▶ What you should do
Copy each line below word for word and drop every image.

━━━━━ Collected material ━━━━━

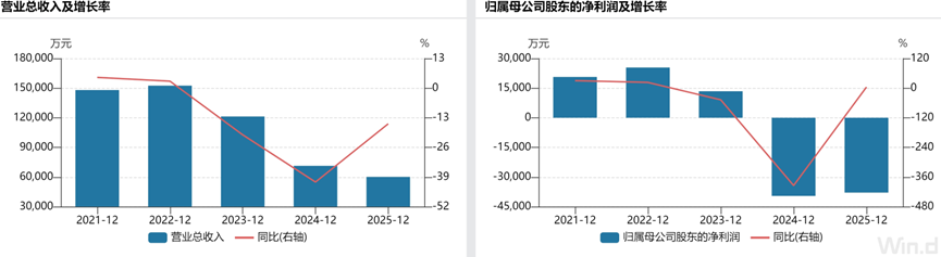 2025年,数字政通营业收入6.02亿元,同比下滑15.64%;归属于上市公司股东的净利润亏损3.79亿元。这是数字政通连续第二个会计年度出现大额亏损。2024年公司归母净利润亏损3.96亿元,两年累计亏损超7.7亿元。从2023年盈利1.34亿元到两年亏损超7.7亿元,公司业绩滑坡之大令市场侧目。
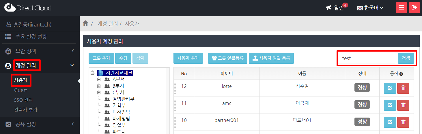 '계정 관리' > '사용자' 메뉴를 선택하고 오른쪽 상단에 표시된 검색창에 검색 키워드를 입력한 다음 검색 버튼을 클릭합니다.
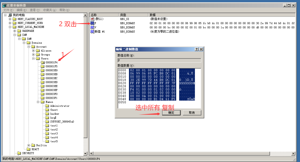 SAM\Domains\Accounts\Users - 找到管理员项:
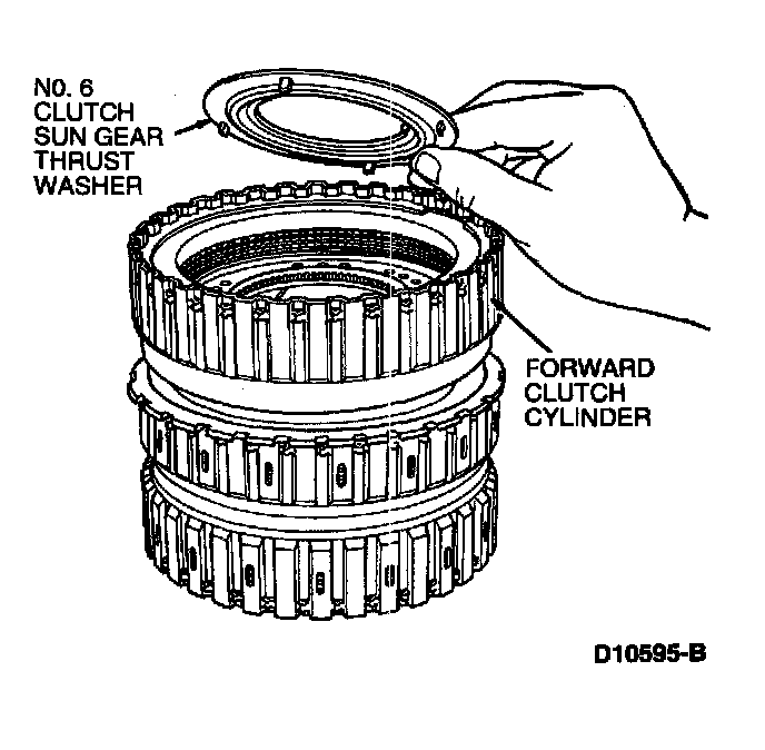 1. Place direct/intermediate clutch cylinder with intermediate clutch facing down.2. Install No. 7 thrust washer into direct clutch being sure tabs are aligned with slots in direct clutch.

━━━━━

▶ Solution for this exercise
 2025年,数字政通营业收入6.02亿元,同比下滑15.64%;归属于上市公司股东的净利润亏损3.79亿元。这是数字政通连续第二个会计年度出现大额亏损。2024年公司归母净利润亏损3.96亿元,两年累计亏损超7.7亿元。从2023年盈利1.34亿元到两年亏损超7.7亿元,公司业绩滑坡之大令市场侧目。
 '계정 관리' > '사용자' 메뉴를 선택하고 오른쪽 상단에 표시된 검색창에 검색 키워드를 입력한 다음 검색 버튼을 클릭합니다.
 SAM\Domains\Accounts\Users - 找到管理员项:
 1. Place direct/intermediate clutch cylinder with intermediate clutch facing down.2. Install No. 7 thrust washer into direct clutch being sure tabs are aligned with slots in direct clutch.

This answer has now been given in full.